Task to carry out: The reply should hold every entry exactly as written and none of the pictures.

The data:
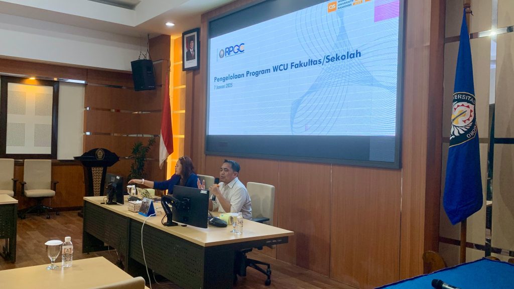 Direktur RKKG, Prof. Hadiyanto, dan Wadir Reputasi Global, Dessy Ariyanti, Ph.D menjadi Narasumber Rapat Koordinasi dan Sosialisasi Program WCU 2025
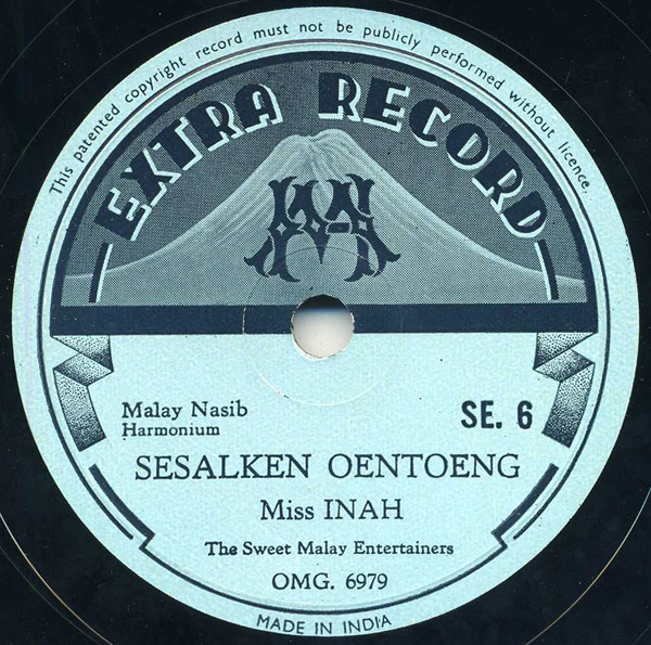 It turns out that the Extra label was based in Palembang, Indonesia, in the south of Sumatra, and was in operation during the early 1940s, before the Japanese occupation. Right off the bat, this clues us in to the fact that the record, despite the band’s name being the Malay Entertainers, is most likely from Indonesia as opposed to Malaysia (the ethnic Malay group is found in both countries). How many records did Extra make? Collectors have traced only nine releases. There may be more, though I’m betting the number is low. It’s also unclear the relationship between Extra and HMV. The matrix numbers on this record (the numbers separate from the catalog numbers on the record, indicating masters and often takes) are clearly HMV matrix numbers. But, we do not know if these songs were also released by HMV, or if Extra was the sole entity releasing these tracks.
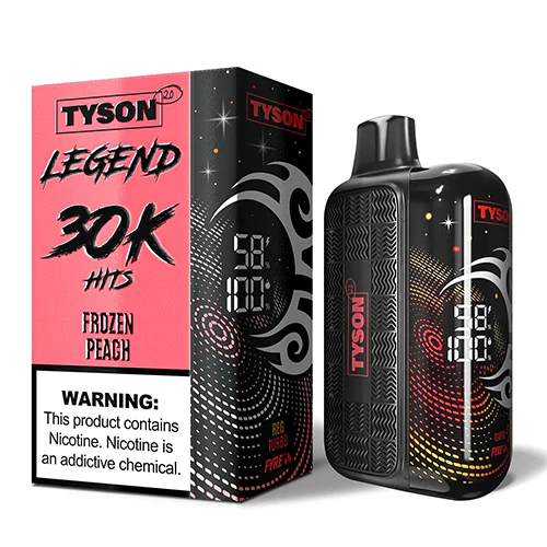 Flavor: The Frozen Peach Tyson 2.0 Legend 30K combines luscious, sun-ripened peach flavor with a decisive arctic chill. Experience the sweet and cool perfection of frozen peach in this 30,000 puff device, optimized by the triple mesh coil for incredible flavor consistency.
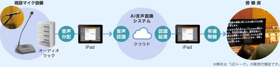 既設のマイク設備にAI音声認識システムを繋げるだけの簡単設定で、字幕をリアルタイムに表示することができます。
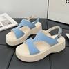 Super fire French platform bag heel sandals women's 2025 summer new two wear light luxury retro skirt comfortable beach shoes
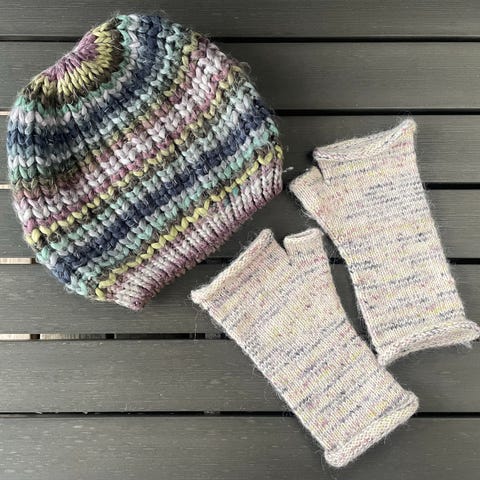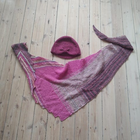 Håndstrikket sæt med hue og halsvarmer i flot mønster med retstrik og snoninger. Garnet er uld/polyester som er dejlig lunt og ikke kradser.
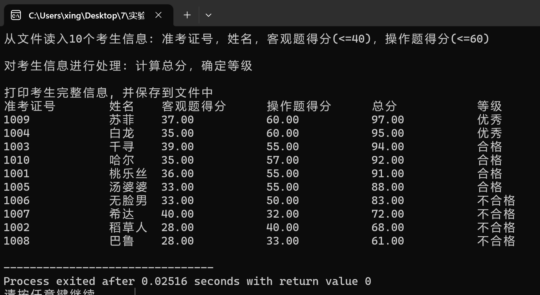 printf("\n打印考生完整信息, 并保存到文件中");
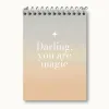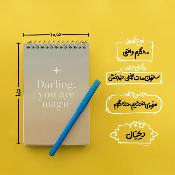 برند خندالو در زمینه تولید انواع دفاتر فانتزی و تحصیلی فعالیت میکند که به دلیل جذابیت ظاهری و طرح های متنوع طرفداران زیادی دارد. دفتر یادداشت خندالو طرح Darling You Are Magic محصولی مناسب برای همه عاشقان لوازم التحریر است و همچنین همه کسانی که بنا به موقعیت تحصیل یا شغلشان با دفتر و نوشت افزار زیاد سر و کار دارند. در تولید دفتر یادداشت خندالو طرح Darling You Are Magic از نوع صحافی فنر مارپیچ استفاده شده که در این نوع صحافی برگهها به راحتی چرخیده و یا بیرون آورده می شوند. دفتر های خندالو دارای جلد انعطاف پذیر از جنس مقوای گلاسه 250 گرم با روکش سلفون مات مخملی است که به شما امکان میدهد از دفتر خود بدون اینکه نگرانی از شکستن یا خراب شدن جلد را داشته باشید استفاده کنید و همچنین در این دفاتر از کاغذ 80 گرم با کیفیت استفاده شده که باعث میشود هنگام نوشتن به خوبی جوهر قلم بر روی صفحه نشسته و از خط خوردگیها جلوگیری کند. دفتر یادداشت خندالو با جنس و دوام مناسب، برگه های کاملاً سفید و خطوط طوسی دقیق را داراست که انسان را به نوشتن منظم و زیبا ترغیب میکند. طراحی کاملاً مناسب این دفاتر، به همراه کیفیت بالا، از آن یک محصول مورد علاقه و قابل اعتماد برای همه مقاطع تحصیلی میسازد. دفتر یادداشت خندالو طرح Darling You Are Magic انتخابی هوشمندانه و مناسب برای افرادی است که به دنبال دفتری با کیفیت و کاربرد عالی هستند. این دفتر، همراه خوبی برای شما در تمام مراحل تحصیل و کار خواهد بود و تجربهای لذتبخش از نوشتن و آموختن را به شما هدیه میدهد.
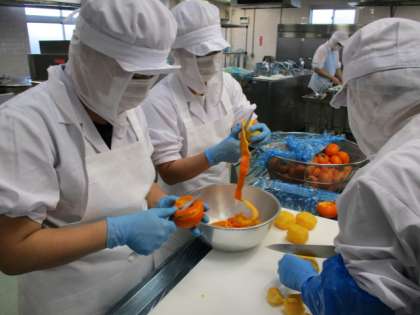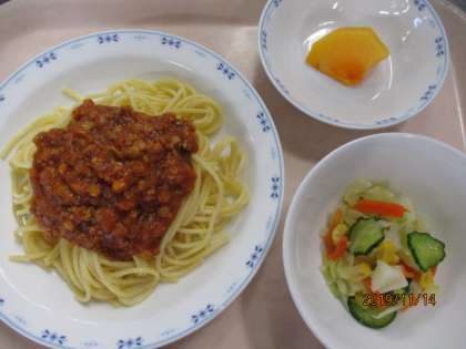 今日はレンズ豆の入ったミートソーススパゲッティです。ミートソーススパゲッティは安定の人気メニューです。くだものは今が旬の柿です。ひとつずつ、皮をむきます。写真は柿の皮をむいている様子です。
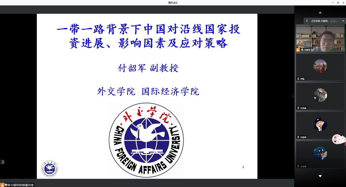 4月22日下午,应beat365唯一官方网站邀请,外交学院国际经济学院副教授、中国人民大学六西格玛管理研究中心研究员付韶军通过腾讯会议APP为我校师生作了题为“一带一路背景下中国对沿线国家投资进展、影响因素及应对策略”的线上学术报告。报告会由经济系张雪峰副教授主持,经济系经济研研究生与本科生参会。
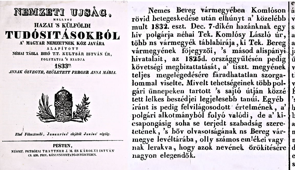 Komlósy László nekrológja a Nemzeti Ujság 1833. január 9-i számából1833-01-09Komlóssy László 1777 E002

Response for this exercise:
 Direktur RKKG, Prof. Hadiyanto, dan Wadir Reputasi Global, Dessy Ariyanti, Ph.D menjadi Narasumber Rapat Koordinasi dan Sosialisasi Program WCU 2025
 It turns out that the Extra label was based in Palembang, Indonesia, in the south of Sumatra, and was in operation during the early 1940s, before the Japanese occupation. Right off the bat, this clues us in to the fact that the record, despite the band’s name being the Malay Entertainers, is most likely from Indonesia as opposed to Malaysia (the ethnic Malay group is found in both countries). How many records did Extra make? Collectors have traced only nine releases. There may be more, though I’m betting the number is low. It’s also unclear the relationship between Extra and HMV. The matrix numbers on this record (the numbers separate from the catalog numbers on the record, indicating masters and often takes) are clearly HMV matrix numbers. But, we do not know if these songs were also released by HMV, or if Extra was the sole entity releasing these tracks.
 Flavor: The Frozen Peach Tyson 2.0 Legend 30K combines luscious, sun-ripened peach flavor with a decisive arctic chill. Experience the sweet and cool perfection of frozen peach in this 30,000 puff device, optimized by the triple mesh coil for incredible flavor consistency.
 既設のマイク設備にAI音声認識システムを繋げるだけの簡単設定で、字幕をリアルタイムに表示することができます。
 Super fire French platform bag heel sandals women's 2025 summer new two wear light luxury retro skirt comfortable beach shoes
 Håndstrikket sæt med hue og halsvarmer i flot mønster med retstrik og snoninger. Garnet er uld/polyester som er dejlig lunt og ikke kradser.
 printf("\n打印考生完整信息, 并保存到文件中");
 برند خندالو در زمینه تولید انواع دفاتر فانتزی و تحصیلی فعالیت میکند که به دلیل جذابیت ظاهری و طرح های متنوع طرفداران زیادی دارد. دفتر یادداشت خندالو طرح Darling You Are Magic محصولی مناسب برای همه عاشقان لوازم التحریر است و همچنین همه کسانی که بنا به موقعیت تحصیل یا شغلشان با دفتر و نوشت افزار زیاد سر و کار دارند. در تولید دفتر یادداشت خندالو طرح Darling You Are Magic از نوع صحافی فنر مارپیچ استفاده شده که در این نوع صحافی برگهها به راحتی چرخیده و یا بیرون آورده می شوند. دفتر های خندالو دارای جلد انعطاف پذیر از جنس مقوای گلاسه 250 گرم با روکش سلفون مات مخملی است که به شما امکان میدهد از دفتر خود بدون اینکه نگرانی از شکستن یا خراب شدن جلد را داشته باشید استفاده کنید و همچنین در این دفاتر از کاغذ 80 گرم با کیفیت استفاده شده که باعث میشود هنگام نوشتن به خوبی جوهر قلم بر روی صفحه نشسته و از خط خوردگیها جلوگیری کند. دفتر یادداشت خندالو با جنس و دوام مناسب، برگه های کاملاً سفید و خطوط طوسی دقیق را داراست که انسان را به نوشتن منظم و زیبا ترغیب میکند. طراحی کاملاً مناسب این دفاتر، به همراه کیفیت بالا، از آن یک محصول مورد علاقه و قابل اعتماد برای همه مقاطع تحصیلی میسازد. دفتر یادداشت خندالو طرح Darling You Are Magic انتخابی هوشمندانه و مناسب برای افرادی است که به دنبال دفتری با کیفیت و کاربرد عالی هستند. این دفتر، همراه خوبی برای شما در تمام مراحل تحصیل و کار خواهد بود و تجربهای لذتبخش از نوشتن و آموختن را به شما هدیه میدهد.
 今日はレンズ豆の入ったミートソーススパゲッティです。ミートソーススパゲッティは安定の人気メニューです。くだものは今が旬の柿です。ひとつずつ、皮をむきます。写真は柿の皮をむいている様子です。
 4月22日下午,应beat365唯一官方网站邀请,外交学院国际经济学院副教授、中国人民大学六西格玛管理研究中心研究员付韶军通过腾讯会议APP为我校师生作了题为“一带一路背景下中国对沿线国家投资进展、影响因素及应对策略”的线上学术报告。报告会由经济系张雪峰副教授主持,经济系经济研研究生与本科生参会。
 Komlósy László nekrológja a Nemzeti Ujság 1833. január 9-i számából1833-01-09Komlóssy László 1777 E002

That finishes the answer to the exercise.